× Holcosia taiwaniana

Scientific classification
- Kingdom: Plantae
- Clade: Tracheophytes
- Clade: Angiosperms
- Clade: Monocots
- Order: Asparagales
- Family: Orchidaceae
- Subfamily: Epidendroideae
- Tribe: Vandeae
- Subtribe: Aeridinae
- Hybrid: Luisia teres × Holcoglossum quasipinifolium
- Synonyms: Papilionanthe taiwaniana (S.S.Ying) Ormerod (2002); × Papilisia taiwaniana (S.S.Ying) J.M.H.Shaw (2004); Vanda taiwaniana S.S.Ying (1989);

= × Holcosia taiwaniana =

Artificial hybrid species of orchid

× Holcosia taiwaniana is a natural hybrid of the orchid species Holcoglossum quasipinifolium and Luisia teres.
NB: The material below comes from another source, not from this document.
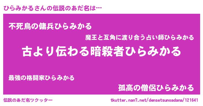 | 胡散臭い通販商品みたいなあだ名 | 『来世でも幸せになれる健康食品…その名も「ひらみかる」』 |
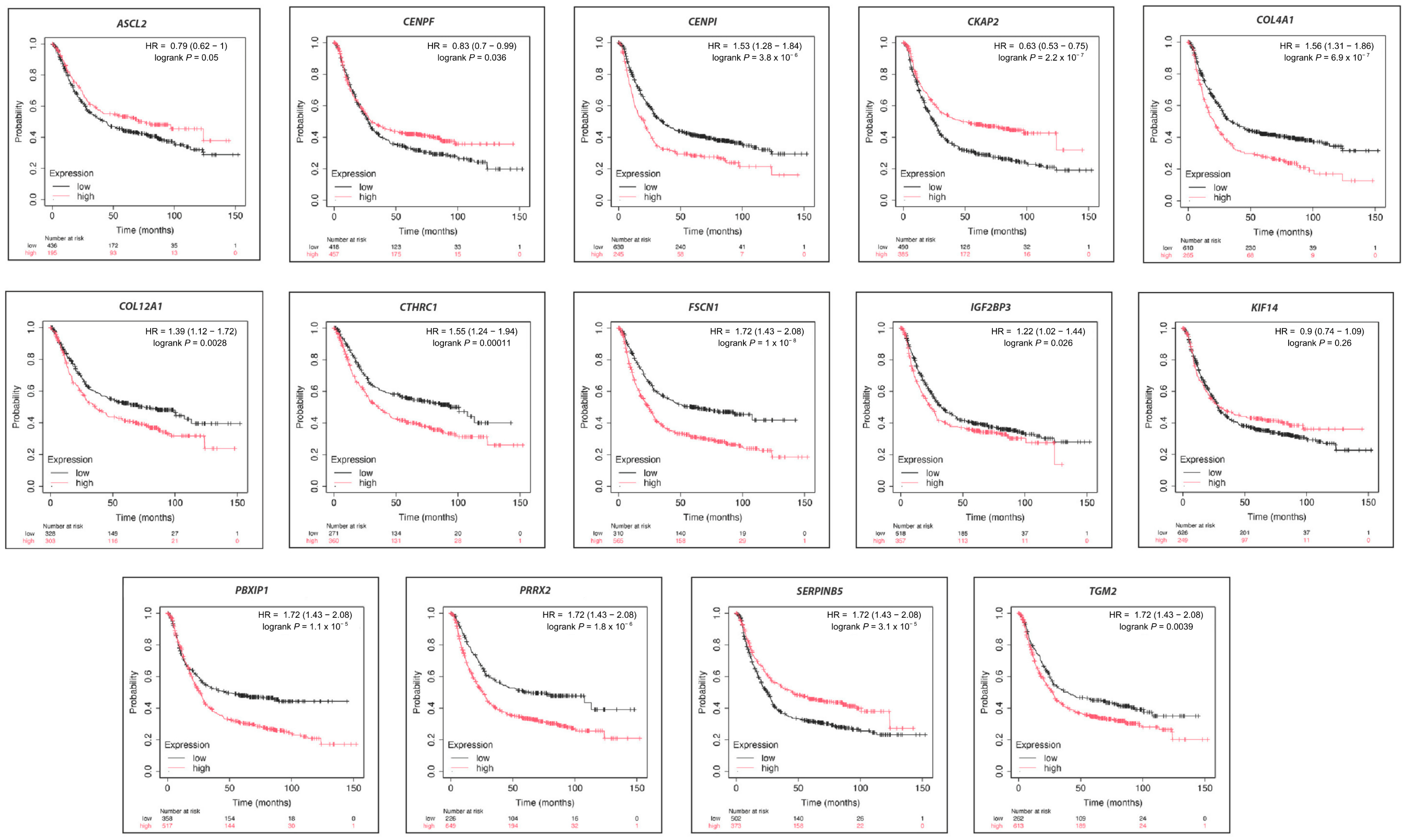 | KIF14 | 0.625 | 0.81 * | 0.55 |

It is an epiphyte endemic to Taiwan.

== Description ==
The occasionally branched, pendulous, terete stems are 30 to 60 cm in length and 4 to 4.5 mm wide. The terete, 14 to 21 cm long and 2 to 3.5 mm wide leaves are not strictly distichously arranged, but rather laxly alternate. Two 4–5 cm wide, yellowish flowers are produced on 2 to 3 cm long inflorescences. The labellum bears brown-red longitudinal stripes. H. taiwaniana bears a resemblance to H. pseudotaiwaniana, but lacks the latter's distinct wedge-shape along the epichile.